● **Task goal**
Your job is to set down the stretch of entries that opens with the line containing "The brilliant women" and closes with the line containing "MATTANEWS.CO, PALEMBANG –". Keep both end lines, copy each exactly, and add nothing.

● **Dataset**
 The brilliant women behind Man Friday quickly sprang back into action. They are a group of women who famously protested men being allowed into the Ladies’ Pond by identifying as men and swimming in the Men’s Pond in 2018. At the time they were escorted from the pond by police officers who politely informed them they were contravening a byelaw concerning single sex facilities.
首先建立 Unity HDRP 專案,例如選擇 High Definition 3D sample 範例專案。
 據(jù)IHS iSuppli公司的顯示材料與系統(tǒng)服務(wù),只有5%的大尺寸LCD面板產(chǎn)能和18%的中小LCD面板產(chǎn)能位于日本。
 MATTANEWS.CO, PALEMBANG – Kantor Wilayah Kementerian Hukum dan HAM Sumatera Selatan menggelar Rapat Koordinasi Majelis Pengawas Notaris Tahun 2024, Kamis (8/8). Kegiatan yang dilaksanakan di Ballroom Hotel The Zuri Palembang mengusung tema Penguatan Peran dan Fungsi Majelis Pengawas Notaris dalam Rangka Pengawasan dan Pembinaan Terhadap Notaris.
--
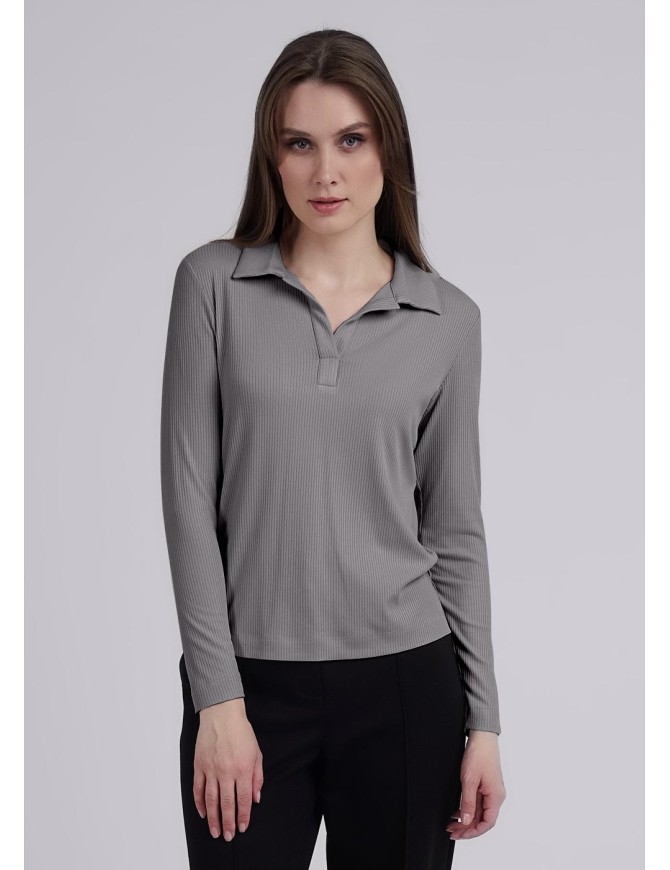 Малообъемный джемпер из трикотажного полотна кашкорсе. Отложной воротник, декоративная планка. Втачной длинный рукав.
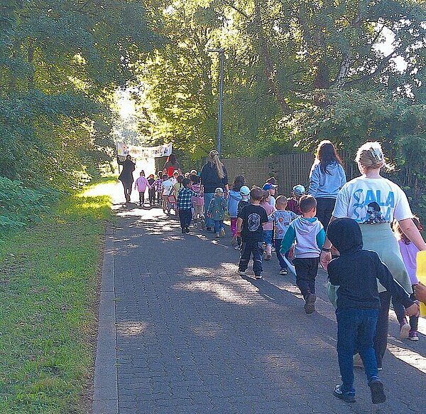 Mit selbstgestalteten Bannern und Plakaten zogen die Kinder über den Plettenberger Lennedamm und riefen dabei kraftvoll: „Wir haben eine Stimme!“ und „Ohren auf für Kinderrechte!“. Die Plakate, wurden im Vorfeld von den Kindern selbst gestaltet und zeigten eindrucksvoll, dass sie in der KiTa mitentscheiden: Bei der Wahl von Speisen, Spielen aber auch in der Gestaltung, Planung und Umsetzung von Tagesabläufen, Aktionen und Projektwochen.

● **Answer to this task**
 The brilliant women behind Man Friday quickly sprang back into action. They are a group of women who famously protested men being allowed into the Ladies’ Pond by identifying as men and swimming in the Men’s Pond in 2018. At the time they were escorted from the pond by police officers who politely informed them they were contravening a byelaw concerning single sex facilities.
首先建立 Unity HDRP 專案,例如選擇 High Definition 3D sample 範例專案。
 據(jù)IHS iSuppli公司的顯示材料與系統(tǒng)服務(wù),只有5%的大尺寸LCD面板產(chǎn)能和18%的中小LCD面板產(chǎn)能位于日本。
 MATTANEWS.CO, PALEMBANG – Kantor Wilayah Kementerian Hukum dan HAM Sumatera Selatan menggelar Rapat Koordinasi Majelis Pengawas Notaris Tahun 2024, Kamis (8/8). Kegiatan yang dilaksanakan di Ballroom Hotel The Zuri Palembang mengusung tema Penguatan Peran dan Fungsi Majelis Pengawas Notaris dalam Rangka Pengawasan dan Pembinaan Terhadap Notaris.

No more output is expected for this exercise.